GPU pods
In this section you will request GPUs. Make sure you don't waste those and delete your pods when not using the GPUs.
Running GPU pods
Use this definition to create your own pod and deploy it to kubernetes:
apiVersion: v1
kind: Pod
metadata:
name: gpu-pod-example
spec:
containers:
- name: gpu-container
image: gitlab-registry.nrp-nautilus.io/prp/jupyter-stack/prp:latest
command: ["sleep", "infinity"]
resources:
limits:
nvidia.com/gpu: 1
This example requests 1 GPU device. You can have up to 8 per node if you're using jobs, and up to 2 for pods. If you request GPU devices in your pod, kubernetes will auto schedule your pod to the appropriate node. There's no need to specify the location manually.
You should always delete your pod when your computation is done to let other users use the GPUs.
Consider using Jobs with actual script instead of sleep
whenever possible to ensure your pod is not wasting GPU time.
If you have never used Kubernetes before, see the tutorial.
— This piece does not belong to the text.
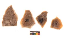 | Description / विवरण | There are n 04 of utilized worked flakes. They show multi-directional irregular scar pattern. One is tapering on one end. |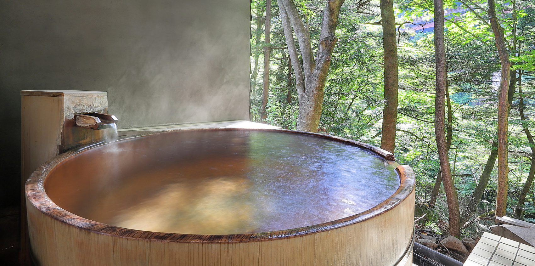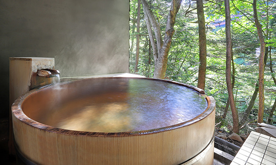 露天風呂は丸型の檜風呂。川のせせらぎを聞きつつ、星を眺めながらリラックスできる造りとなっております。

Requesting high-demand GPUs
Certain kinds of GPUs have much higher specs than the others, and to avoid wasting those for regular jobs, your pods will only be scheduled on those if you request the type explicitly.
Currently those include:
- NVIDIA-TITAN-RTX
- NVIDIA-RTX-A5000
- Quadro-RTX-6000
- Tesla-V100-SXM2-32GB
- NVIDIA-A40
- NVIDIA-RTX-A6000
- Quadro-RTX-8000
A100 is running in MIG mode and is not considered high-demand one.
Requesting many GPUs
Since 1 and 2 GPU jobs are blocking nodes from getting 4 and 8-GPU jobs, there are some nodes reserved for those. Once you submit a job with 4 or 8 GPUs request, a controller will automatically add toleration which will allow you to use the node reserved for more GPUs. You don't need to do anything manually for that.
Choosing GPU type
We have a variety of GPU flavors attached to Nautilus. This table describes the types of GPUs available for use, but is not up to date - it's better to use the actual cluster information (f.e. kubectl get nodes -L nvidia.com/gpu.product
).
If you need more graphical memory, use this table or official specs to choose the type:
GPU Type | Memory size (GB) |
---|---|
NVIDIA-GeForce-GTX-1070 | 8G |
NVIDIA-GeForce-GTX-1080 | 8G |
Quadro-M4000 | 8G |
NVIDIA-A100-PCIE-40GB-MIG-2g.10gb | 10G |
NVIDIA-GeForce-GTX-1080-Ti | 12G |
NVIDIA-GeForce-RTX-2080-Ti | 12G |
NVIDIA-TITAN-Xp | 12G |
Tesla-T4 | 16G |
NVIDIA-A10 | 24G |
NVIDIA-GeForce-RTX-3090 | 24G |
NVIDIA-GeForce-RTX-3090 | 24G |
NVIDIA-TITAN-RTX | 24G |
NVIDIA-RTX-A5000 | 24G |
Quadro-RTX-6000 | 24G |
Tesla-V100-SXM2-32GB | 32G |
NVIDIA-A40 | 48G |
NVIDIA-RTX-A6000 | 48G |
Quadro-RTX-8000 | 48G |
NOTE: Not all nodes are available to all users. You can consult about your available resources in Matrix and on resources page. Labs connecting their hardware to our cluster have preferential access to all our resources.
To use a specific type of GPU, add the affinity definition to you pod yaml file. The example below specifies 1080Ti GPU:
spec:
affinity:
nodeAffinity:
requiredDuringSchedulingIgnoredDuringExecution:
nodeSelectorTerms:
- matchExpressions:
- key: nvidia.com/gpu.product
operator: In
values:
- NVIDIA-GeForce-GTX-1080-Ti
To make sure you did everything correctly after you've submited the job, look at the corresponding pod yaml (kubectl get pod ... -o yaml
) and check that resulting nodeAffinity is as expected.
MIG mode
A100 GPUs allow slicing those into several logical GPUs ( MIG mode ). This mode is enabled in our cluster. Things can change, but currently we're thinking about slicing those in halves. The current MIG mode can be obtained from nodes via the nvidia.com/gpu.product
label: NVIDIA-A100-PCIE-40GB-MIG-2g.10gb
means 2 compute instances (out of 7 total) and 10GB memory per virtual GPU.